• What you have to do: Could you transcribe exactly the lines from the one containing "Нож шеф - повара" through the end of the listing below, both included, but none of the pictures?

• Supplied material:
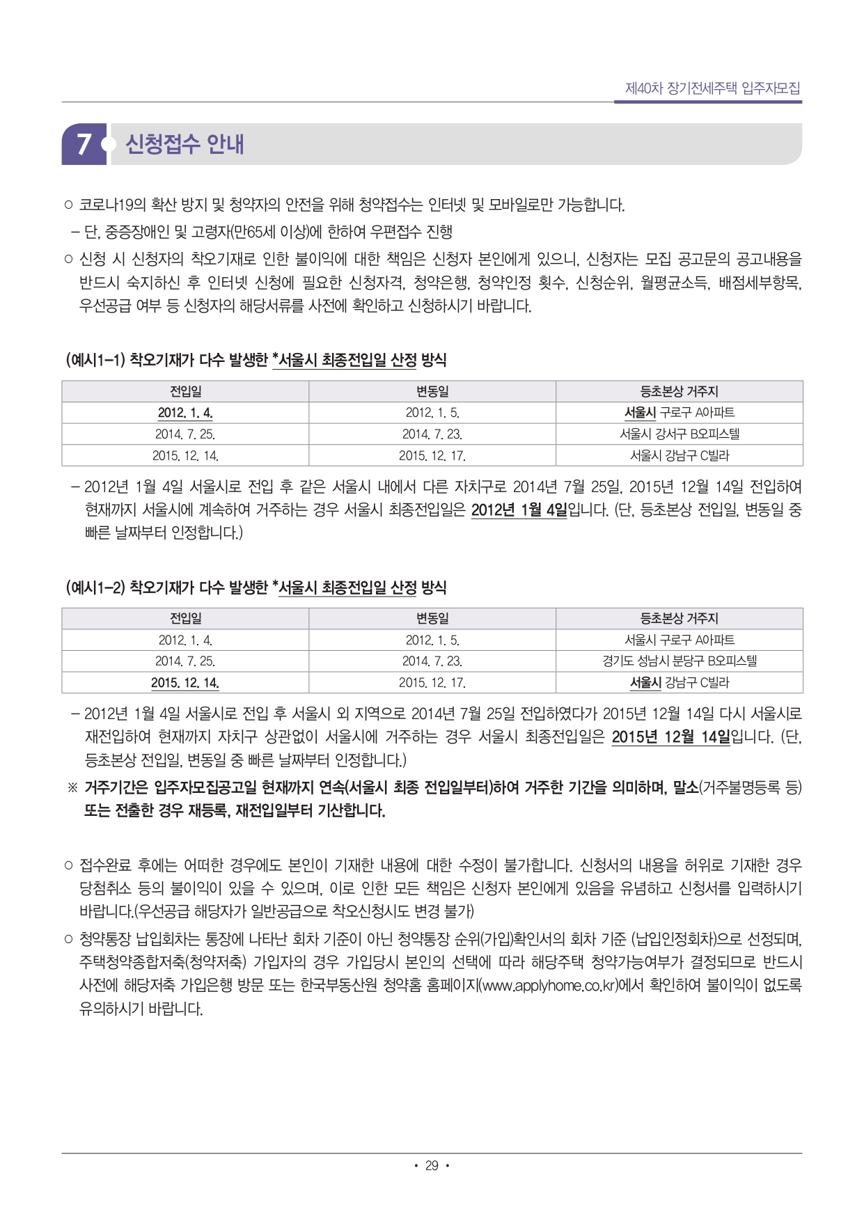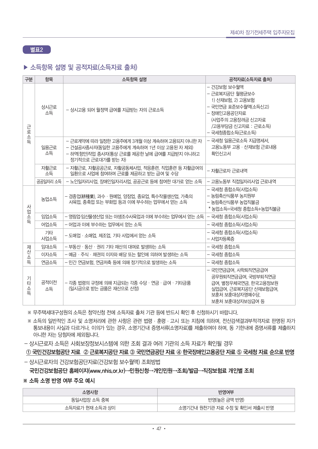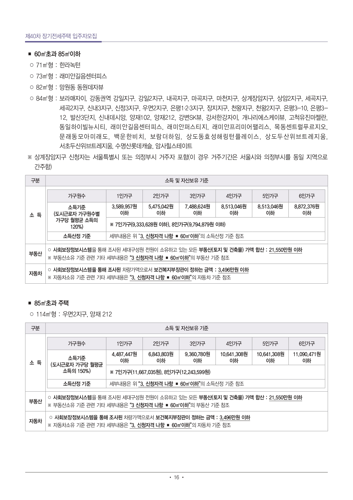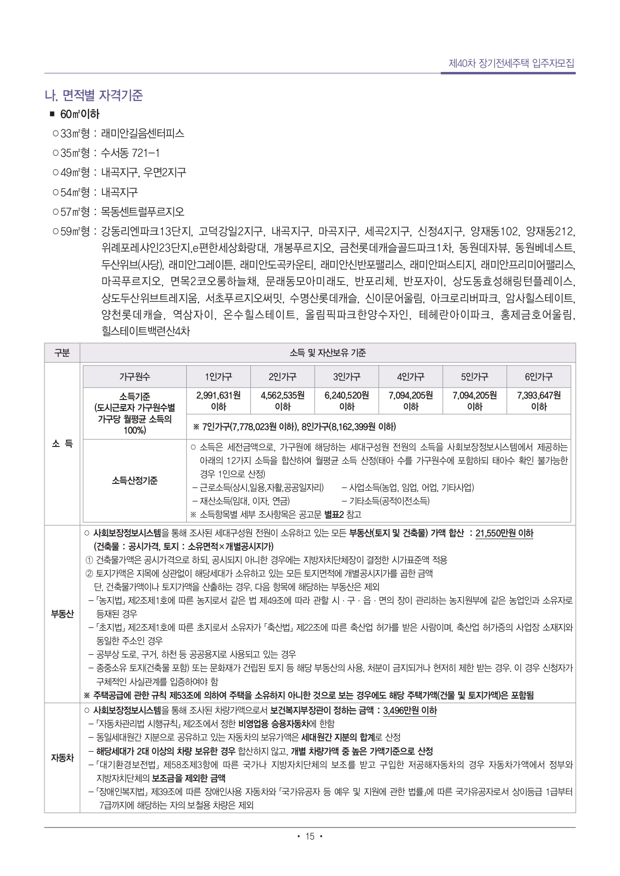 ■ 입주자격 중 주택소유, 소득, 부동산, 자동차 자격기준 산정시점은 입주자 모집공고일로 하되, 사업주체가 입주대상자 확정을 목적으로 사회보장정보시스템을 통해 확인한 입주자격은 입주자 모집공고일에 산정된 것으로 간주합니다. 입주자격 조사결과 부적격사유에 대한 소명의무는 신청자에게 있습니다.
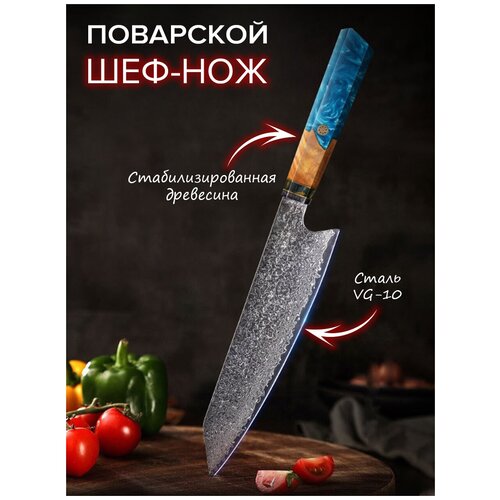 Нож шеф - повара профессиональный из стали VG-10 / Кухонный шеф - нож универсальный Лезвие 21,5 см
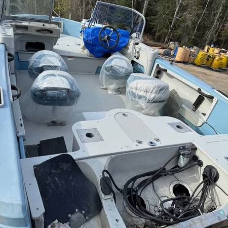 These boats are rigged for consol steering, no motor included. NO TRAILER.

• Output of the exercise:
 Нож шеф - повара профессиональный из стали VG-10 / Кухонный шеф - нож универсальный Лезвие 21,5 см
 These boats are rigged for consol steering, no motor included. NO TRAILER.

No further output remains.